Provided data section start

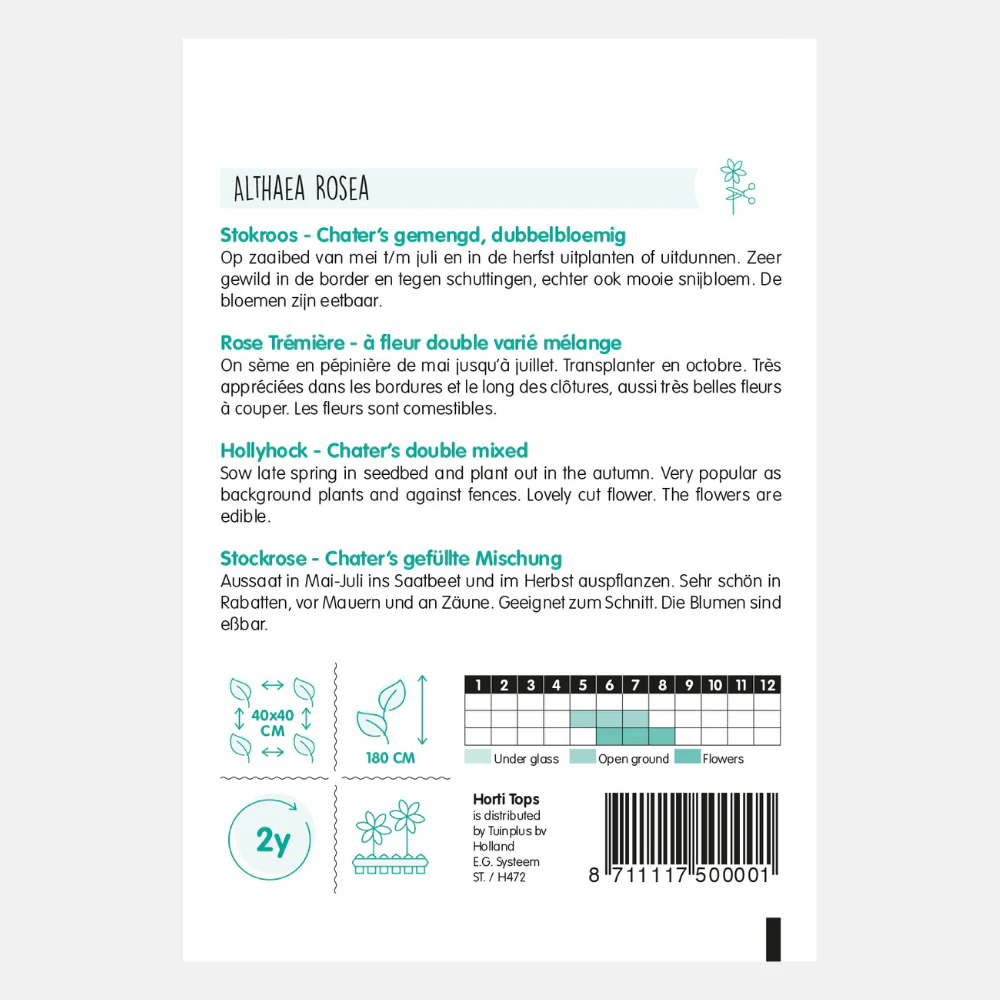 Rose trémière ‘Chater’s’ – à fleurs doubles, mixte
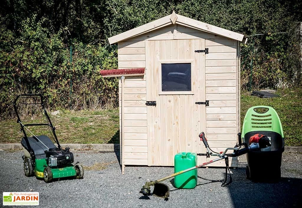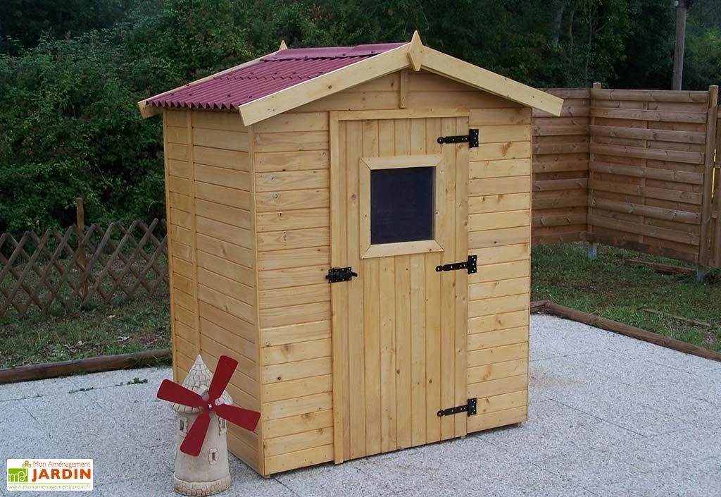 La charpente de l’abri de jardin est constituée de 2 pignons en panneaux pré-montés d’épaisseur 16 mm fixées sur un cadre de section 25 x 25 mm et de 6 poutrelles en bois massif. La couverture est en plaques ondulées bitumées de couleur avec deux faîtières. La surface utile intérieure est de 1,83 m². Les dimensions extérieures hors tout de l’abri de jardin sont : 1,80 x 1,45 m (l,L ), les dimensions au sol sont 1,6 x1,2 m (l,L ).
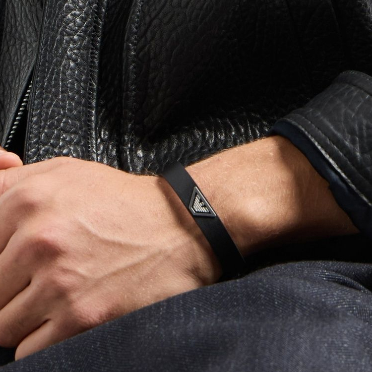EMPORIO ARMANI Черный кожаный ремешок браслет
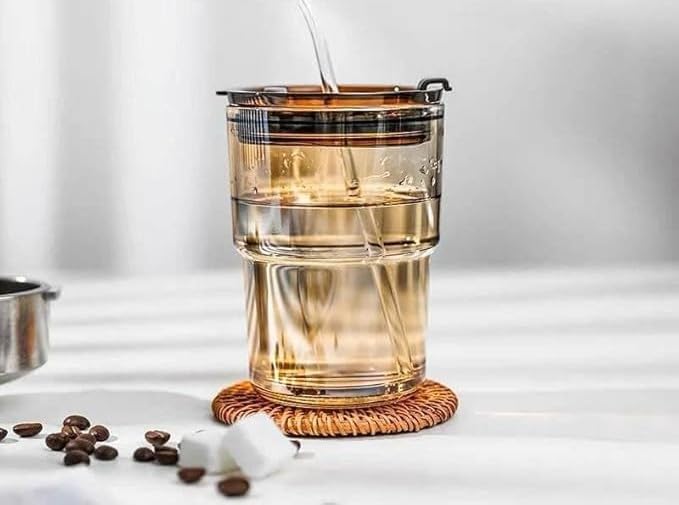 - تصميم عملي: يأتي مع غطاء محكم الإغلاق وشفاطة زجاج قابلة لإعادة الاستخدام بطول 12 سم، متوفر بلونين عسلي ورمادي أنيق
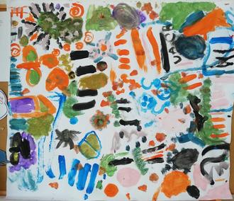 Dabei entstand mit Spaß und Freude ein großes, buntes Gemeinschaftsbild und die Kinder freuen sich schon auf die nächste Runde „Malen nach Musik“.
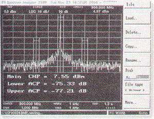 顯示的水平軸(頻率軸)中心頻率為900MHz,掃頻頻寬為1MHz,而每一小格代表l00kHz。頂部水平線表示0dBm,垂直方向每一格代表10dB。信號(hào)已經(jīng)被衰減了10dB,測(cè)量顯示的功率電平已考慮了此衰減。
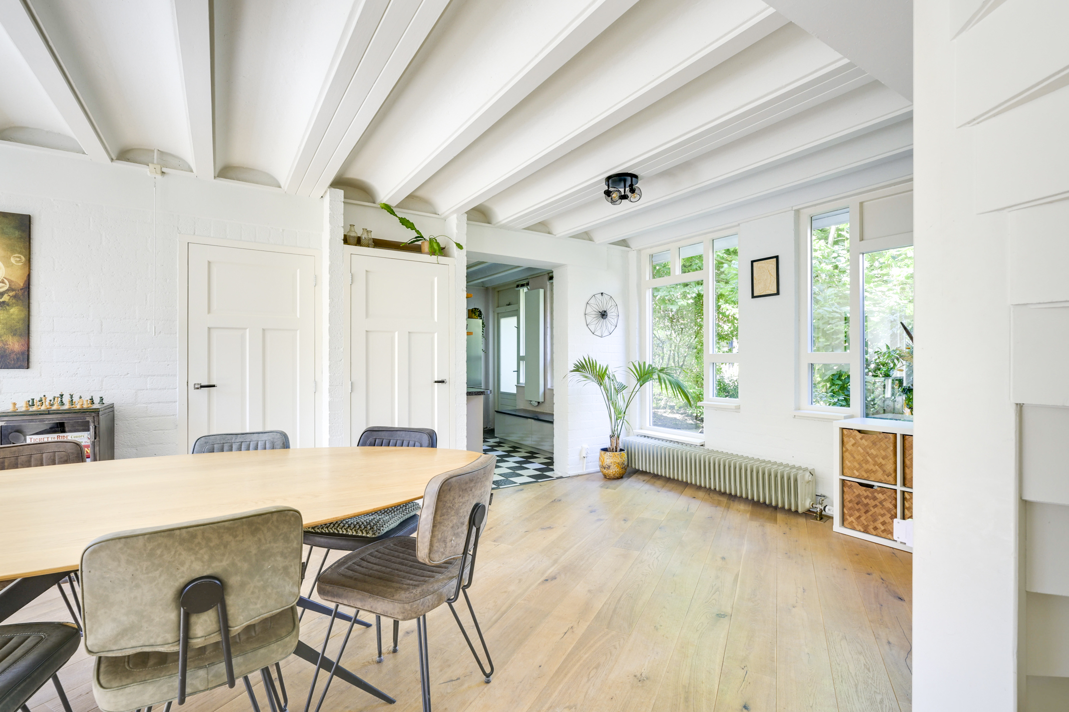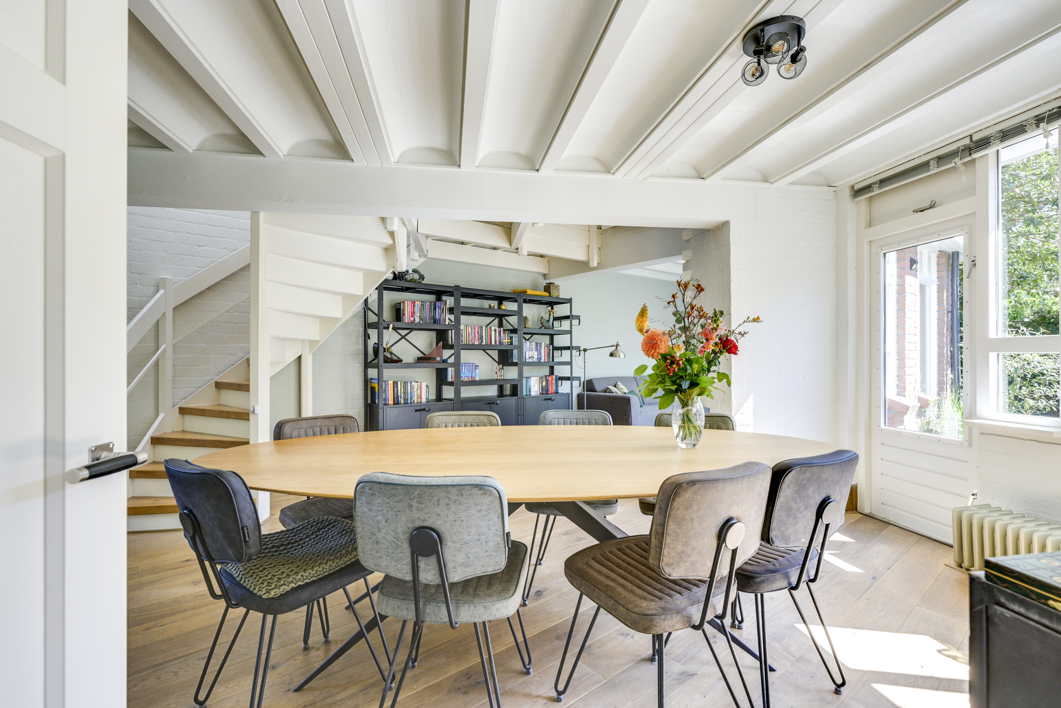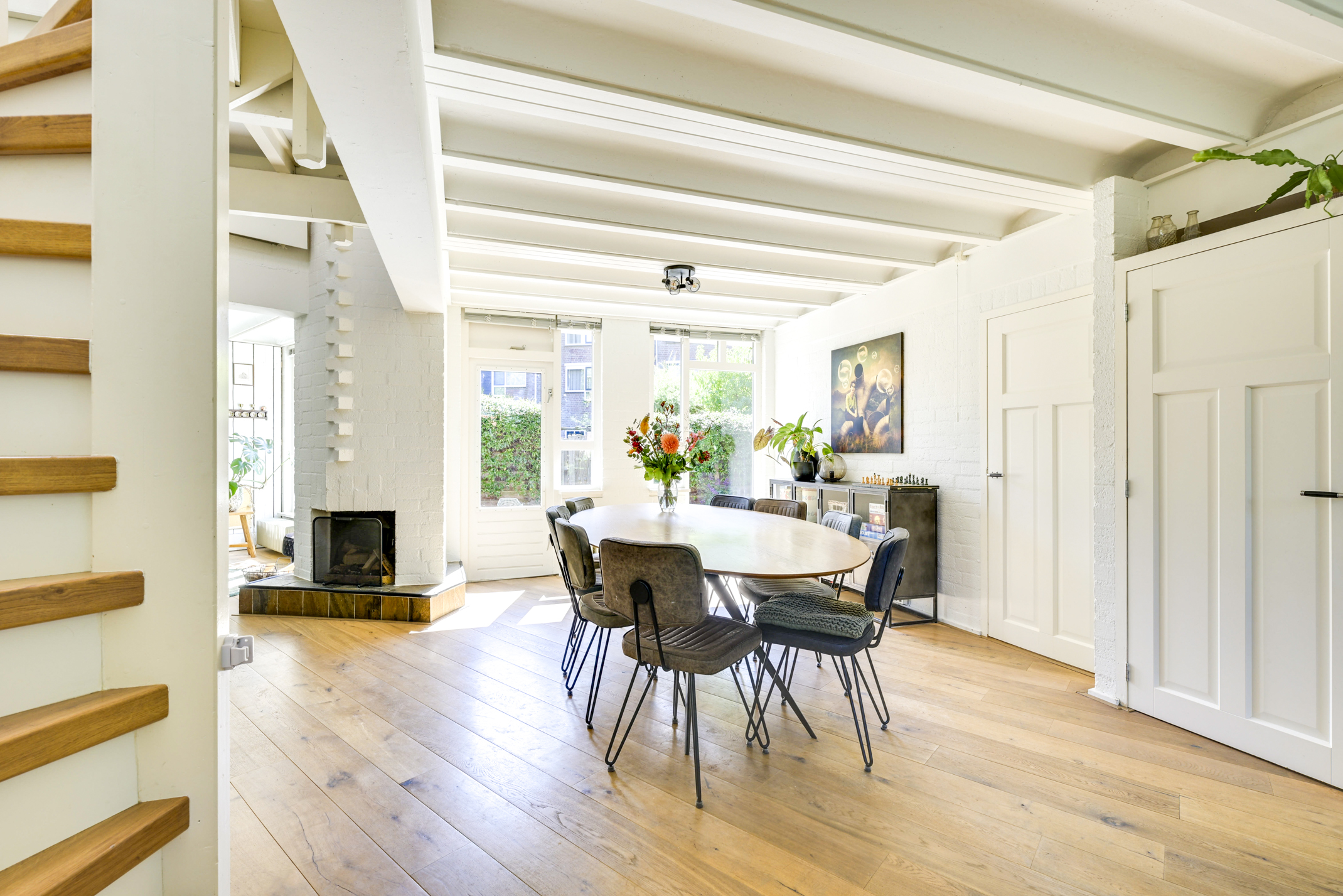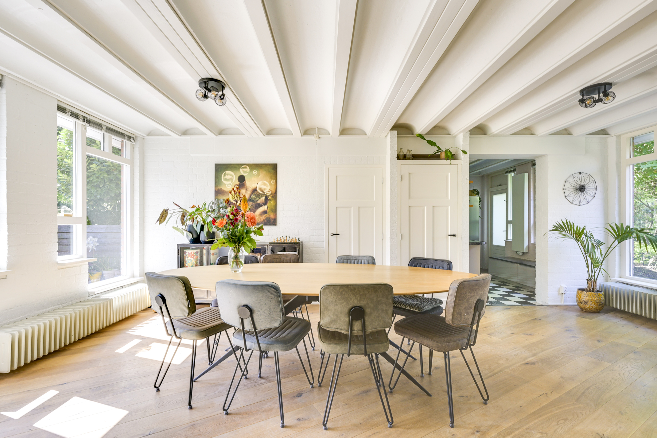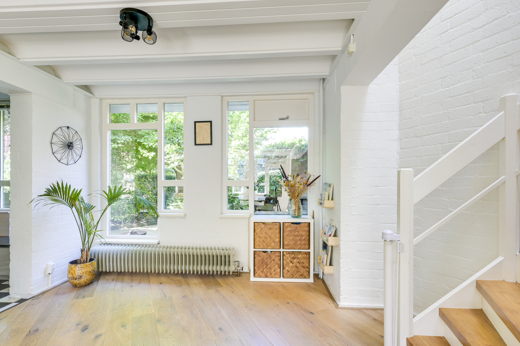 Vernieuwde hal met meterkast, moderne toiletruimte met hangend toilet, toegang naar de inpandige berging en woonkamer. Via mooie paneeldeur toegang naar de ruime en speelse woonkamer. Door de vele raampartijen is er een lichte en prettige woonkamer ontstaan. De woonkamer is circa 48m2 en biedt u de mogelijkheid om verschillende indelingen te maken. De woonkamer is voorzien van een vergrijsde eikenvloer, openhaard en vide partij. Tevens heeft de woonkamer op 2 verschillende plaatsen een deur voor gemakkelijke toegang naar de voortuin. Aansluitend is de halfopen keuken gesitueerd welke is voorzien van een moderne, L-vormige inbouwkeuken met de diverse inbouwapparatuur. Vanuit de keuken heeft u toegang tot de tuin.

Provided data section end

What the task asks: The entries are to be written out in full and exactly, apart from the pictures.

Output below:
 Rose trémière ‘Chater’s’ – à fleurs doubles, mixte
 La charpente de l’abri de jardin est constituée de 2 pignons en panneaux pré-montés d’épaisseur 16 mm fixées sur un cadre de section 25 x 25 mm et de 6 poutrelles en bois massif. La couverture est en plaques ondulées bitumées de couleur avec deux faîtières. La surface utile intérieure est de 1,83 m². Les dimensions extérieures hors tout de l’abri de jardin sont : 1,80 x 1,45 m (l,L ), les dimensions au sol sont 1,6 x1,2 m (l,L ).
EMPORIO ARMANI Черный кожаный ремешок браслет
 - تصميم عملي: يأتي مع غطاء محكم الإغلاق وشفاطة زجاج قابلة لإعادة الاستخدام بطول 12 سم، متوفر بلونين عسلي ورمادي أنيق
 Dabei entstand mit Spaß und Freude ein großes, buntes Gemeinschaftsbild und die Kinder freuen sich schon auf die nächste Runde „Malen nach Musik“.
 顯示的水平軸(頻率軸)中心頻率為900MHz,掃頻頻寬為1MHz,而每一小格代表l00kHz。頂部水平線表示0dBm,垂直方向每一格代表10dB。信號(hào)已經(jīng)被衰減了10dB,測(cè)量顯示的功率電平已考慮了此衰減。
 Vernieuwde hal met meterkast, moderne toiletruimte met hangend toilet, toegang naar de inpandige berging en woonkamer. Via mooie paneeldeur toegang naar de ruime en speelse woonkamer. Door de vele raampartijen is er een lichte en prettige woonkamer ontstaan. De woonkamer is circa 48m2 en biedt u de mogelijkheid om verschillende indelingen te maken. De woonkamer is voorzien van een vergrijsde eikenvloer, openhaard en vide partij. Tevens heeft de woonkamer op 2 verschillende plaatsen een deur voor gemakkelijke toegang naar de voortuin. Aansluitend is de halfopen keuken gesitueerd welke is voorzien van een moderne, L-vormige inbouwkeuken met de diverse inbouwapparatuur. Vanuit de keuken heeft u toegang tot de tuin.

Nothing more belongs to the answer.